Within the framework of the Dutch FOM program Molecular Atmospheric Processes we obtained funding already in 1999 to start developing the tools to study the above phenomena. Determining the isotopic signature of water vapor and ice particles in the upper troposphere and lower stratosphere, exchange processes can be followed in great detail and the relative contribution of methane oxidation to the overall water budget may be determined quantitatively. A major obstacle is the very low water concentration at these altitudes. Although we initially considered whole air sampling in combination with laboratory isotope analysis, such an approach was rejected because of the practical problems envisioned and the low temporal and spatial resolution. Instead we developed an ultra-sensitive infrared spectrometer, in collaboration with the group of Daniele Romanini at the University of Grenoble (France). The spectrometer uses an optical cavity of very high finesse to create an effective optical path length of the order of 10 km. Injection of the laser light into the consequently very narrow cavity modes is done using a patented scheme involving self-locking of the diode laser as a result of optical feed-back. For the atmospheric science part of this project we have a close collaboration with the group of Hans-Jurg Jost of NASA Ames. In May 2004 the instrument was flown on NASA’s DC-8 of the Dryden Flight Research Center (at Edwards Air Force Base, California) during an engineering test flight. The flight was very successful in that it provided a wealth of engineering data, and even some science quality data as to the performance of the instrument in the harsh environment of an airplane platform. The instrument was also flown on NASA's WB-57, and more recently in 2006, during a EUFAR funded campaign in Italy and Burkina Faso, on the Geophysica high altitude airplane, as part of the larger African Monsoon Multidisciplinary Analyses (AMMA) campaign.

A very similar device was adapted to continuously monitor the isotopic signature of troposheric air moisture.

Volcano research

Through a close collaboration with the the group of Livio Gianfrani at the Second University of Naples we got involved in investigations of fumarolic emissions by spectroscopic means, and in particular the in-situ measurement of the isotopic composition of carbon dioxide.
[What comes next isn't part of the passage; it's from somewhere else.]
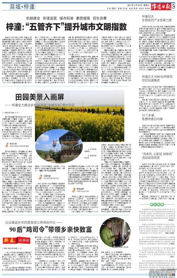 去年以来,梓潼县重点抓住“九曲潼江乡村旅游带”和“锦绣潼东”乡村旅游走廊两条线,利用各自区位优势与资源优势,结合新农村建设、美丽新村建设规划,采取“政府主导,企业运作,农民参与”的模式,精心组织,部门联动,促进各类资源要素向示范区集中,兴办现代农场,发展特色休闲农业产业观光园,一村一品,一乡一特色,为乡村旅游发展奠定规模观光产业基础。目前,全县已建成宏仁乡潼江印象葡萄产业园、许州镇万亩蜜柚基地、自强镇千亩荷花观光园、石牛镇千亩胭脂脆桃生态旅游度假村、定远乡十里花卉长廊、双峰乡千亩柑果基地、东石乡千亩梨花园、百菇养生园等“果蔬与休闲”相映成辉的立体现代农场示范区。

The diagnostic value of such measurements promises to be very high, as previous research indicates that changes in the isotopic composition of the fumarolic emissions are a precursor of volcanic (seismic) activity. In additions, isotopes can help in elucidating the nature and origin of the emissions, as well as the structure of the volcano.
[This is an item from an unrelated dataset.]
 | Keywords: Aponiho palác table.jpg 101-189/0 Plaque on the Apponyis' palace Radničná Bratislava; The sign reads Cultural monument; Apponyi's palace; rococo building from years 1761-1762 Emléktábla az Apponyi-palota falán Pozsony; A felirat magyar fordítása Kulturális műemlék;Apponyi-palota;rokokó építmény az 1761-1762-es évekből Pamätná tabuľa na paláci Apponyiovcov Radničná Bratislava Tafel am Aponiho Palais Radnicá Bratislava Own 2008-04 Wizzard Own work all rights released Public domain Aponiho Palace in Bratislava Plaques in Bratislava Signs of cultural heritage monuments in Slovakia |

Plant leaf water evaporation

We have studied the temporal behavior of the deuterium isotope ratio of water vapor emerging from a freshly cut plant leaf placed in a dry nitrogen atmosphere. The leaf material was placed directly inside the sample gas cell of the stable isotope ratio infrared spectrometer. At the reduced pressure (∼40 mbar) inside the cell, the appearance of water evaporating from the leaf is easily probed by the spectrometer, as well as the evolving isotope ratios, with a precision of about 1‰. The demonstration experiment we describe measures the 2H/1H isotope ratio only, but the experiment can be easily extended to include the 18O/16O and 17O/16O isotope ratios. Plant leaf water isotope ratios provide important information towards quantification of the different components in the ecosystem water and carbon dioxide exchange.